İkinci Özgürlük Filosu içinde yer alan ve Fransa'dan harekete geçen onur aktivistlerinin gemisini rehin almak siyonist korsanlar açısından çok zor olmadı. Çünkü çağdaş emperyalist güçler onlara hem bu imkânı hem de cüreti verdiler. Böylece siyonist katillerin Akdeniz'de, tıpkı Malta korsanları gibi terör estirmelerine fırsat verildiği, vicdanî işbirliklerinin bu teröre karşı durmasına müsaade edilmeyeceği, korsanların değil onların vahşi terörlerine göğüs gerenlerin suçlu gösterilmesi politikasının sürdürüleceği sözde "uluslararası toplum" tarafından dünyaya bir kez daha ilan edildi. Zaten o korsanlar da bu cüreti kendi güçlerinden değil arkalarında duran ve kendini güya "uluslararası toplum" diye yutturmaya çalışan uluslararası emperyalist mekanizmadan alıyor. Dolayısıyla suça siyonist korsanların yanı sıra BM, ABD, AB, tam da İkinci Özgürlük Filosu'nu dağıtma çabalarının yoğunlaştığı günlerde Şeyh Raid Salah'ı hapse tıkayan İngiltere ve onların "yakala Yorgo!" emirlerinin gereğini yerine getirme sorumluluğunu üstlenen Yunanistan başta olmak üzere emperyalist mekanizmanın tüm organları ortaktır.

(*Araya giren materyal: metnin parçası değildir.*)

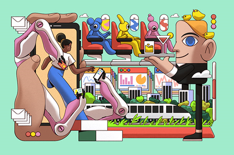 이와 함께 일러스트레이터 ‘Mojo Wang’의 작품도 젊은 세대에게 큰 인기를 얻고 있는데요. 작품 속 오브제 및 구성요소를 왜곡해 비현실적인 요소를 극대화함으로써 일러스트레이션의 재미를 한층 더 배가시킨 사례라고 할 수 있습니다.
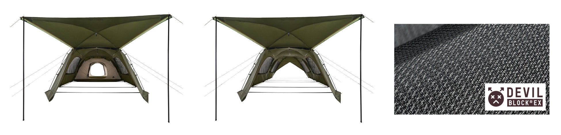 簡単に着脱できる吊り下げ式のインナーテントを取り外せば、フライシート単独でもスクリーンタープとして使用できます。フライシートには、LOGOS独自開発の高機能メッシュ「デビルブロックST」を採用しており、UV-CUT率・遮光率ともに通常比の約1.5倍を実現します。紫外線や強い日差し、虫の侵入を防ぎながら、テント内部に心地よい風だけを通すので、快適に過ごすことができます。

Fransa'dan harekete geçen vicdanî dayanışmacılar Filistinlilerin dilini kullanarak gemilerinin adını el-Kerame koymuşlardı. Bu ismi Fransızcaya da L'Honneur (L'Onör) yani şeref olarak tercüme ettiklerinden her ikisini de kullanıyorlardı. Türkçedeki onur da Fransızcadaki onör'den alındığı için Türkçe haberlerde genellikle geminin adı Onur el-Kerame diye anıldı. Bu isim aslında sadece o gemiyi ve gemiye binerek Gazze'deki mağdur ve mazlumlara el uzatmaya çalışanları değil zulme karşı tavır koymakta ittifak halindeki tüm vicdan sahiplerini temsil ediyor. Yani o gemi sadece bir gönüllüler grubunun değil zulme göğüs germe şerefine sahip herkesin onurudur. Böyle bir şereften yoksun olanların o geminin temsil ettiği özgürlük mücadelesine destek vererek siyonist korsanlara karşı tavır koymaları beklenemez. Zaten siyonist korsanları cüretlendiren de bugün dünyaya şekil ve düzen vermeye çalışan uluslararası mekanizmanın işte bu şereften yoksun olmasıdır.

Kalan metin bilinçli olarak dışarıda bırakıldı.